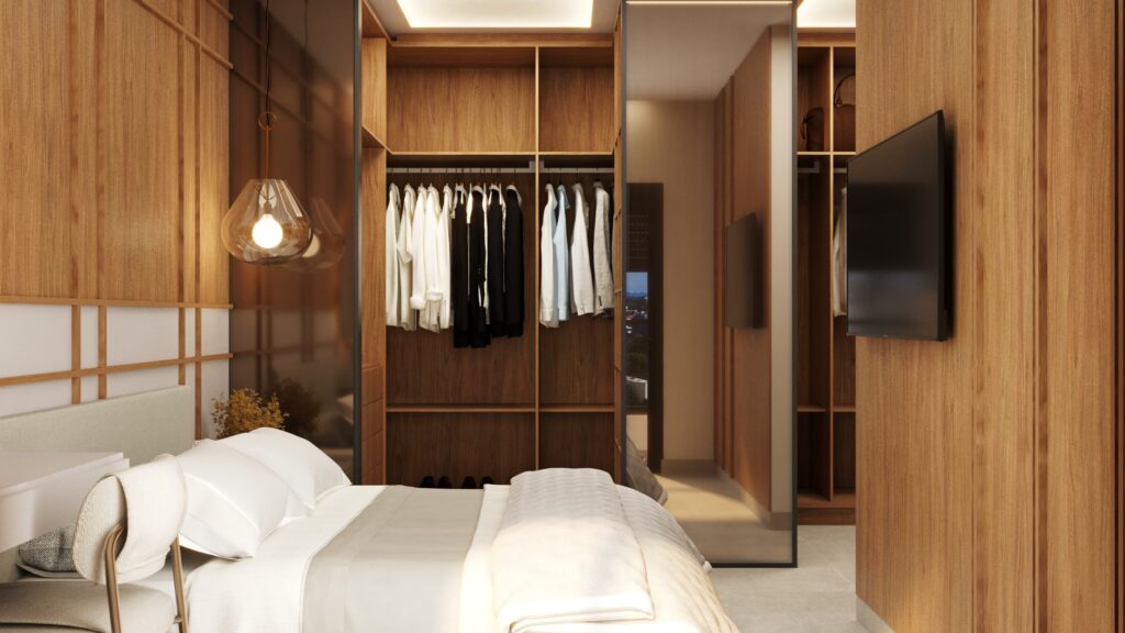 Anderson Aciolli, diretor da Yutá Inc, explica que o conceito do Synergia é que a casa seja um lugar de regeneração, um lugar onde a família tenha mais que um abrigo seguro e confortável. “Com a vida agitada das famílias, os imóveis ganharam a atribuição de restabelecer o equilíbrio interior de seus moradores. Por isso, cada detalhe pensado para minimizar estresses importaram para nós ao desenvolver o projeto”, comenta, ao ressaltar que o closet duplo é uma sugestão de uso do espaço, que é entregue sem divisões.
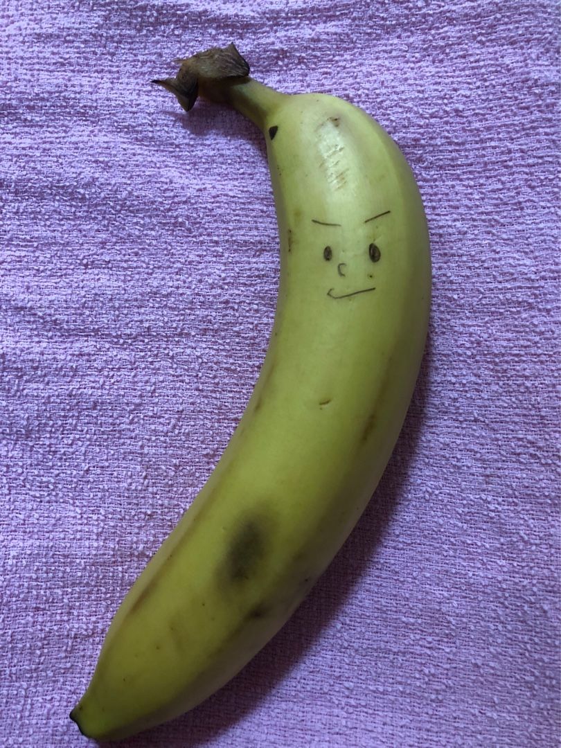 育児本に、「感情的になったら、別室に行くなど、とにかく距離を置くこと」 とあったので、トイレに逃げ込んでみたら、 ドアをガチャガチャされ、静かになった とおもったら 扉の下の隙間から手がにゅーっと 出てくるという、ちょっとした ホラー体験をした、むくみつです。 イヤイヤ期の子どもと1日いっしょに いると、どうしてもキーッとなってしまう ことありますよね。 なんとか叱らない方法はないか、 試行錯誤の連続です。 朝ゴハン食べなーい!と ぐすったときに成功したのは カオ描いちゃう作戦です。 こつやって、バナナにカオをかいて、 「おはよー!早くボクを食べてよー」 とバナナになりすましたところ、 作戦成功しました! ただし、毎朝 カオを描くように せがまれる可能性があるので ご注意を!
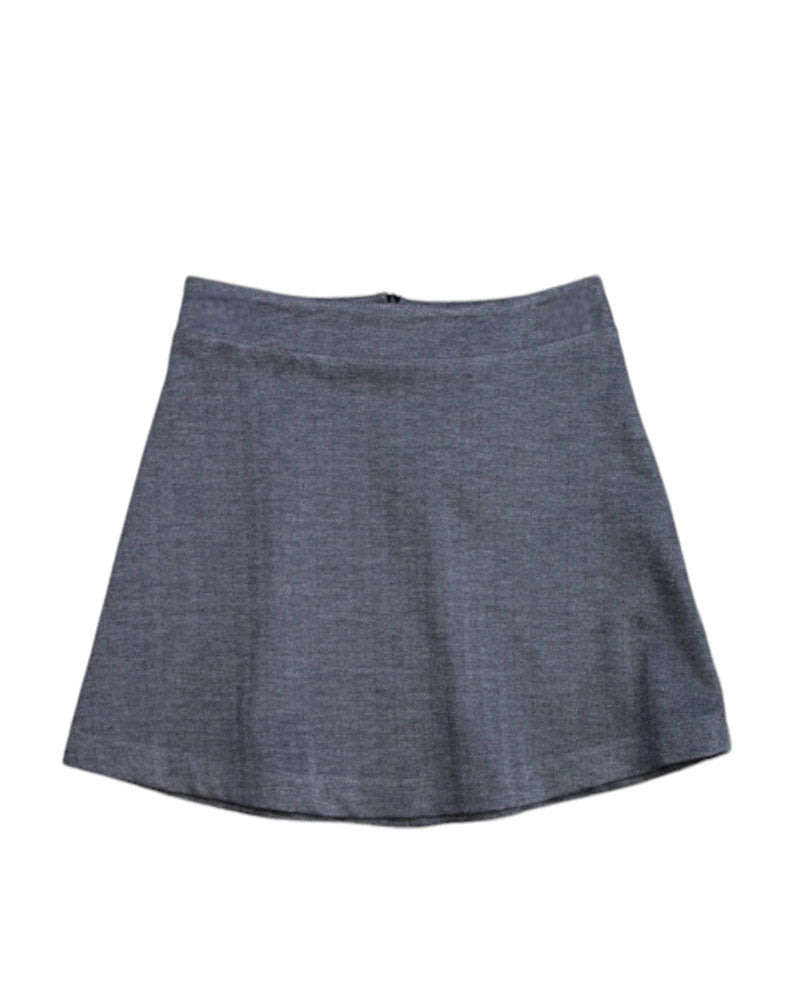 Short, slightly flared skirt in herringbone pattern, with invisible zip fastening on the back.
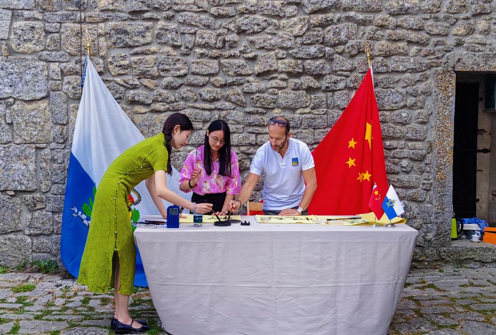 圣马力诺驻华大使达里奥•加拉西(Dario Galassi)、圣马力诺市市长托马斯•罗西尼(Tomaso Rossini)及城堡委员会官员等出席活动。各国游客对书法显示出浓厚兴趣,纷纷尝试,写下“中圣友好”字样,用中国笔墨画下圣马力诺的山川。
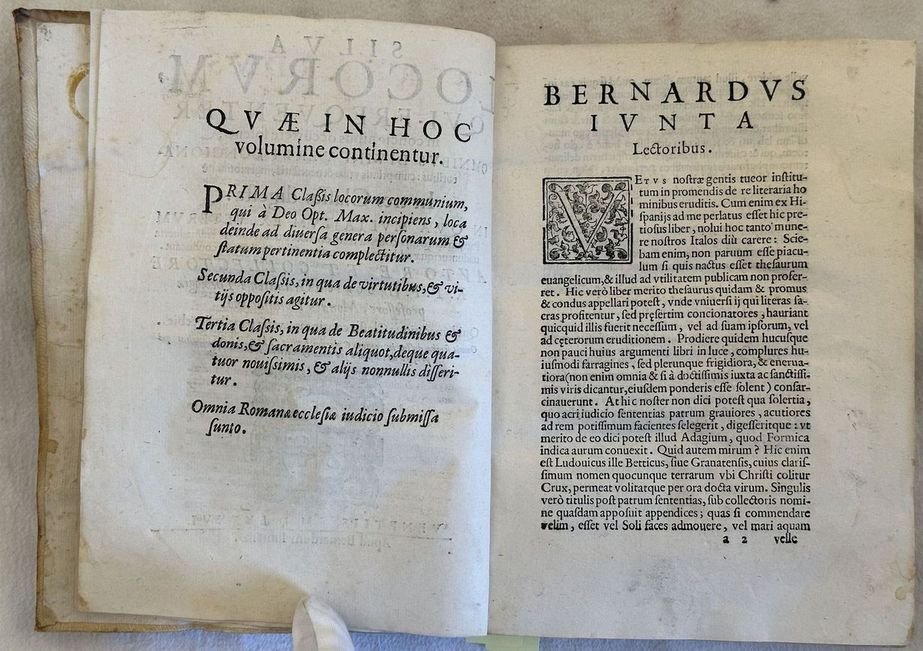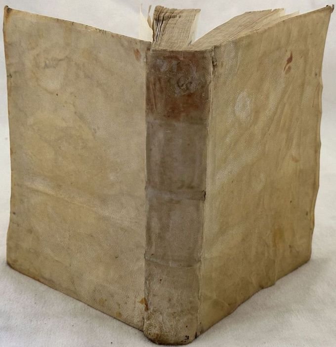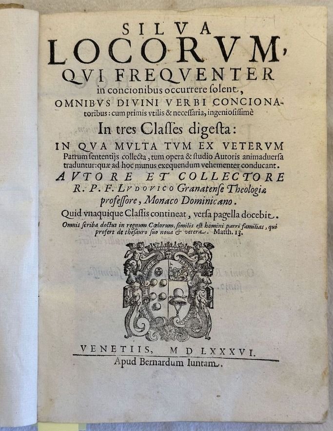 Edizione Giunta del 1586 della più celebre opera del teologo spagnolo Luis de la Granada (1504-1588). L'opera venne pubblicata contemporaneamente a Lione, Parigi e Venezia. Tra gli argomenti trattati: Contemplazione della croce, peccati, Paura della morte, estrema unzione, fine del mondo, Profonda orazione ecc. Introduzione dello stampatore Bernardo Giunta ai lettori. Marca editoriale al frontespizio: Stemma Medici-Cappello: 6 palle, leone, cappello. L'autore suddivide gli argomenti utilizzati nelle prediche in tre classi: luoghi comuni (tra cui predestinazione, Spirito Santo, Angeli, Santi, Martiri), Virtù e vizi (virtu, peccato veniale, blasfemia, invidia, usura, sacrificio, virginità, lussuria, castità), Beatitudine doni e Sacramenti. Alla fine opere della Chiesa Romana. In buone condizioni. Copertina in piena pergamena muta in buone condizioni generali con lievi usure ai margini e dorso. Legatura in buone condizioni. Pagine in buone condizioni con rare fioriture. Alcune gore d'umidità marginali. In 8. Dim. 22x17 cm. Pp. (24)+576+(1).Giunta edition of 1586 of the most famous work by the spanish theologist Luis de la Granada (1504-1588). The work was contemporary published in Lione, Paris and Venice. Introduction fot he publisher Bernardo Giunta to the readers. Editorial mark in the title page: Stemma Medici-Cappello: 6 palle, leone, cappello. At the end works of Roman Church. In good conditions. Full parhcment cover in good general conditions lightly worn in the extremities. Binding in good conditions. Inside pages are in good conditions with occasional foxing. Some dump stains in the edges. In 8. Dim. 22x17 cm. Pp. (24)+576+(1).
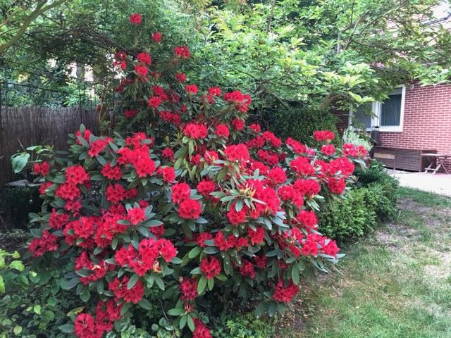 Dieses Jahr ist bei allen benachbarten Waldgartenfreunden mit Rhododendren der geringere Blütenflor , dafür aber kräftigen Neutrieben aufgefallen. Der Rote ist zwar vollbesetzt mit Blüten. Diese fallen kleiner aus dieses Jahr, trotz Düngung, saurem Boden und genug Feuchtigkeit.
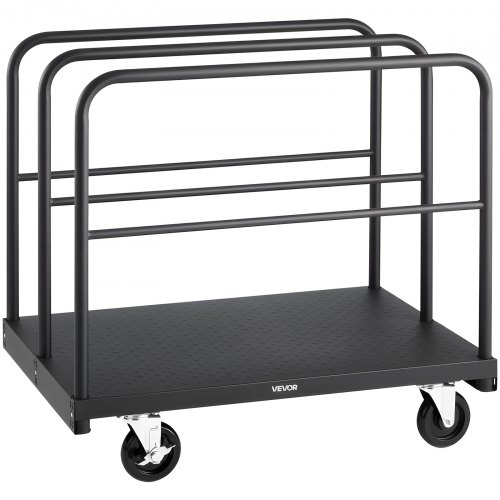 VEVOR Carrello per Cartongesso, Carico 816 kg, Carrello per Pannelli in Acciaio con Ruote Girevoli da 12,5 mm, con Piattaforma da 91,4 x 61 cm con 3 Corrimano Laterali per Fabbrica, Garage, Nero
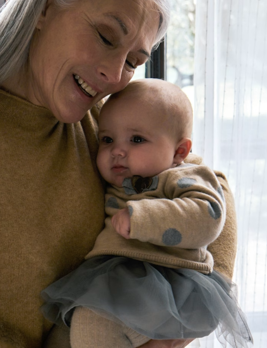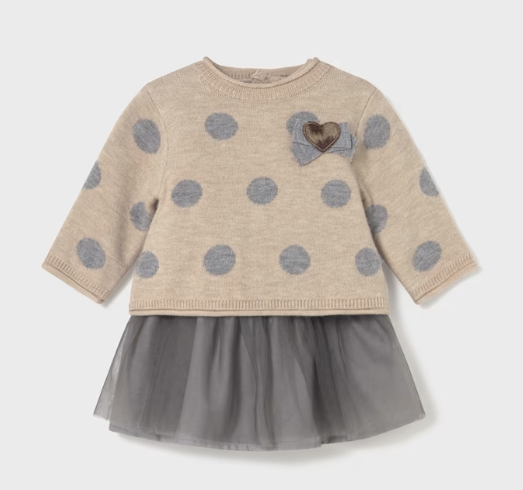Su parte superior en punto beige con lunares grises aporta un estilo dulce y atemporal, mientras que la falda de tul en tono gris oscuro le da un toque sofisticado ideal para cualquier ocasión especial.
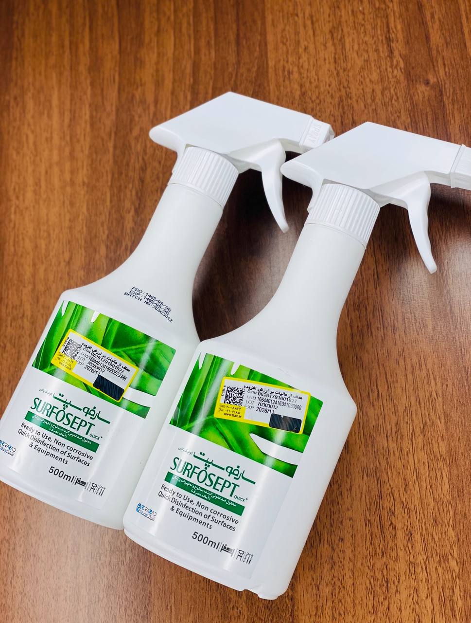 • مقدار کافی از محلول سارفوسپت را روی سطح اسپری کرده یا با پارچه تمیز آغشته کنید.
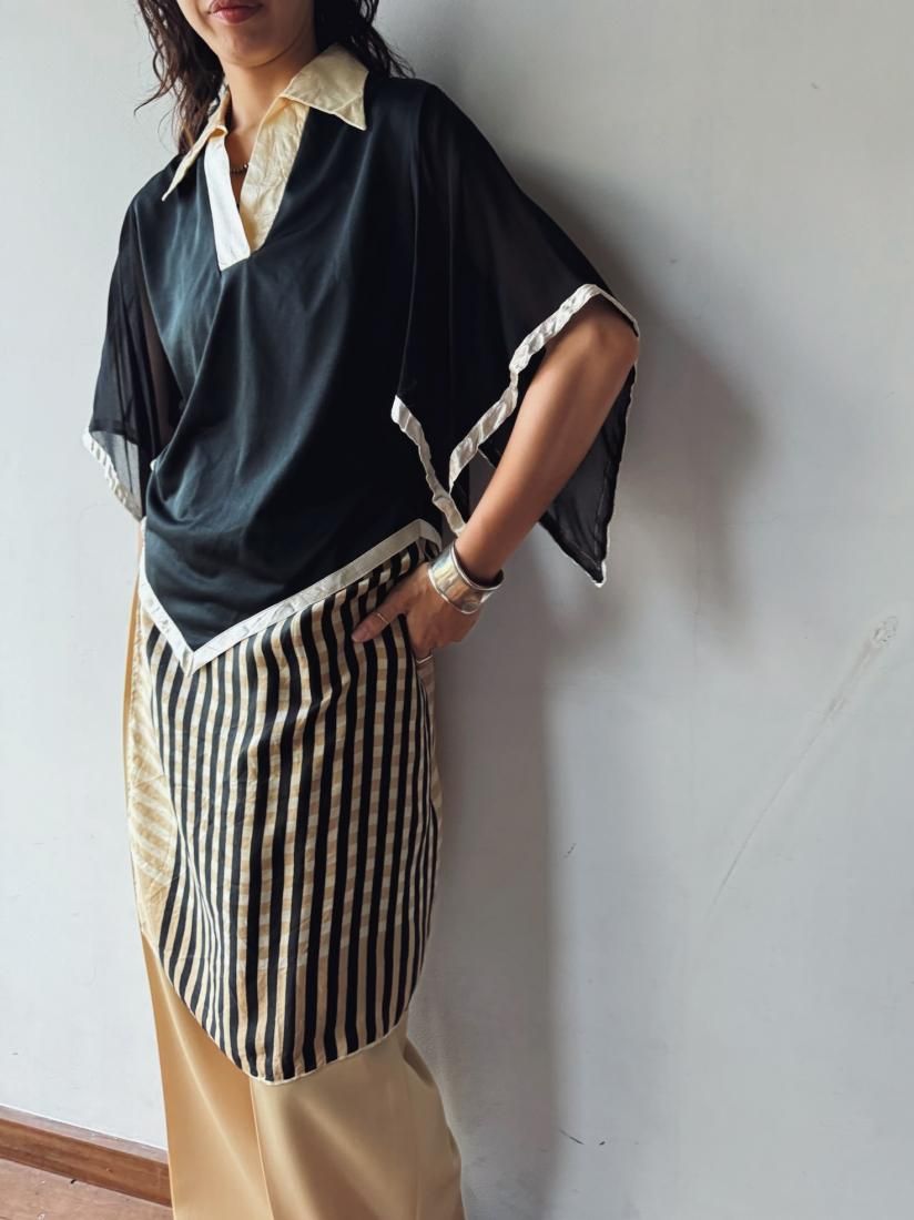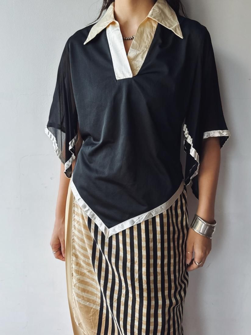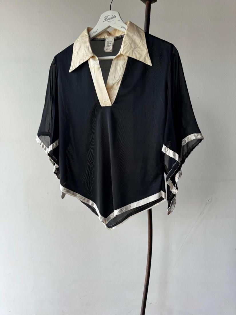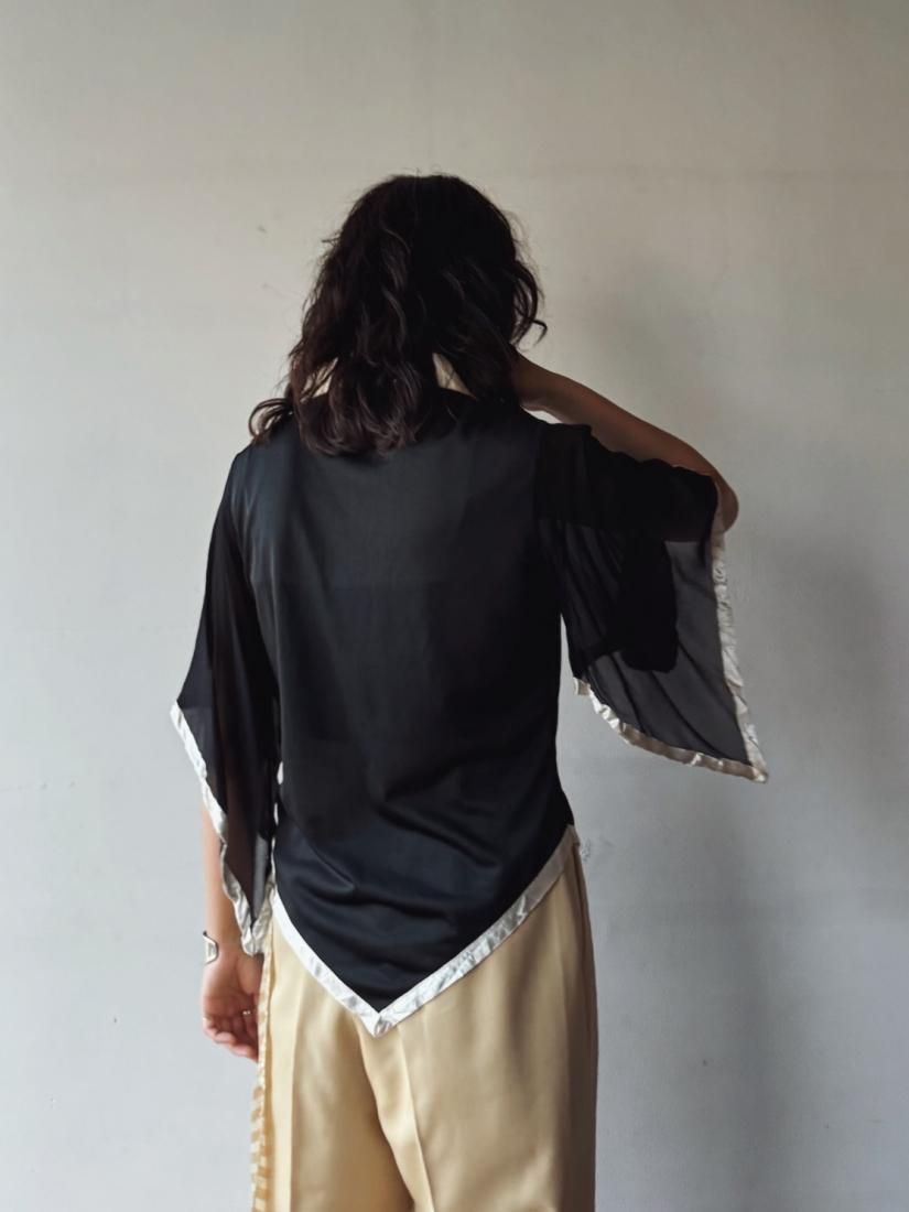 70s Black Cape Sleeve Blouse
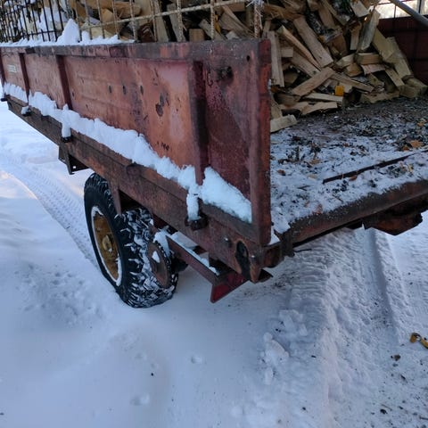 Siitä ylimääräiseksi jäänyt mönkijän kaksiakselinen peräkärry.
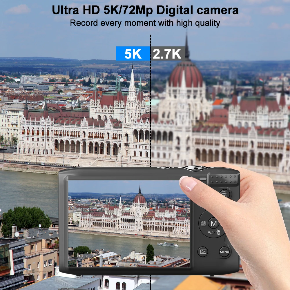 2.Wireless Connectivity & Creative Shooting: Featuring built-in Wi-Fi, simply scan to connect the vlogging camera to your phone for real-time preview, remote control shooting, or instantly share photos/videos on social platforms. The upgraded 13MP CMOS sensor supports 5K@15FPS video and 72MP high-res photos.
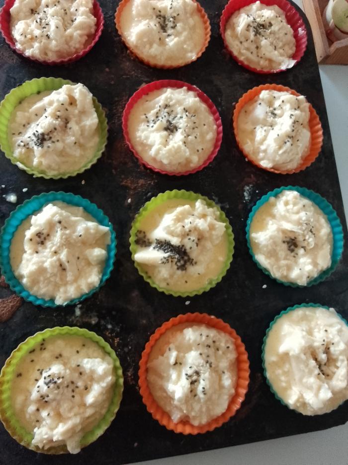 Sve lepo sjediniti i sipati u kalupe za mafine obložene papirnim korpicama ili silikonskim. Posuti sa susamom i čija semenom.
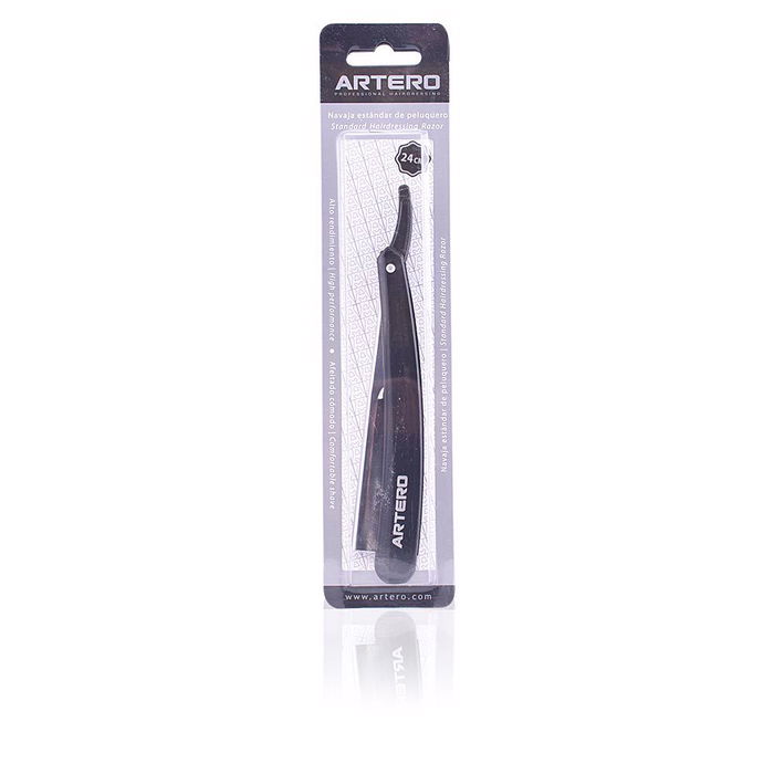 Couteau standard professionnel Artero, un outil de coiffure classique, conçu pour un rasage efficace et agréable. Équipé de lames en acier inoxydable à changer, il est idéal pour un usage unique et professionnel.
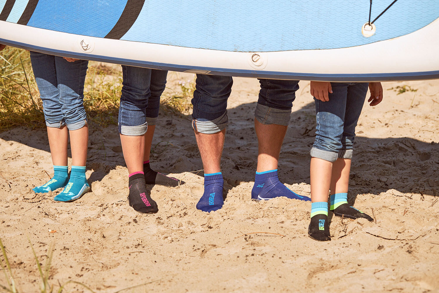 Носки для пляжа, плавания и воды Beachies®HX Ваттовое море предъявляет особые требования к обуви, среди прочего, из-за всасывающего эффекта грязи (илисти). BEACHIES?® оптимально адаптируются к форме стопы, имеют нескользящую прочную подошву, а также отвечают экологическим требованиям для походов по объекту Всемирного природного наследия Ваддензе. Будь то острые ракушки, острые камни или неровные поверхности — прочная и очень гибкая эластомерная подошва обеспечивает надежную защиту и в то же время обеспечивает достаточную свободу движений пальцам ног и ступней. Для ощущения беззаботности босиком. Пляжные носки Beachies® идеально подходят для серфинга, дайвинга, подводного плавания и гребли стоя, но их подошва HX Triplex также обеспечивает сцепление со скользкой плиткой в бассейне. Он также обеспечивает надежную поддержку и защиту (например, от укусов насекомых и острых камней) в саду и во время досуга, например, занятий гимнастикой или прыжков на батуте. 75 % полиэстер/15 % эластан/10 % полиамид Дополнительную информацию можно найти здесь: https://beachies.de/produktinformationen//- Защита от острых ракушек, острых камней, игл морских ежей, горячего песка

····················

REQUIRED WORK :: Reproduce exactly, without any picture, the lines from the one bearing "Couteau standard professionnel" to the last line of the records above.

COMPLETED TASK ::
 Couteau standard professionnel Artero, un outil de coiffure classique, conçu pour un rasage efficace et agréable. Équipé de lames en acier inoxydable à changer, il est idéal pour un usage unique et professionnel.
 Носки для пляжа, плавания и воды Beachies®HX Ваттовое море предъявляет особые требования к обуви, среди прочего, из-за всасывающего эффекта грязи (илисти). BEACHIES?® оптимально адаптируются к форме стопы, имеют нескользящую прочную подошву, а также отвечают экологическим требованиям для походов по объекту Всемирного природного наследия Ваддензе. Будь то острые ракушки, острые камни или неровные поверхности — прочная и очень гибкая эластомерная подошва обеспечивает надежную защиту и в то же время обеспечивает достаточную свободу движений пальцам ног и ступней. Для ощущения беззаботности босиком. Пляжные носки Beachies® идеально подходят для серфинга, дайвинга, подводного плавания и гребли стоя, но их подошва HX Triplex также обеспечивает сцепление со скользкой плиткой в бассейне. Он также обеспечивает надежную поддержку и защиту (например, от укусов насекомых и острых камней) в саду и во время досуга, например, занятий гимнастикой или прыжков на батуте. 75 % полиэстер/15 % эластан/10 % полиамид Дополнительную информацию можно найти здесь: https://beachies.de/produktinformationen//- Защита от острых ракушек, острых камней, игл морских ежей, горячего песка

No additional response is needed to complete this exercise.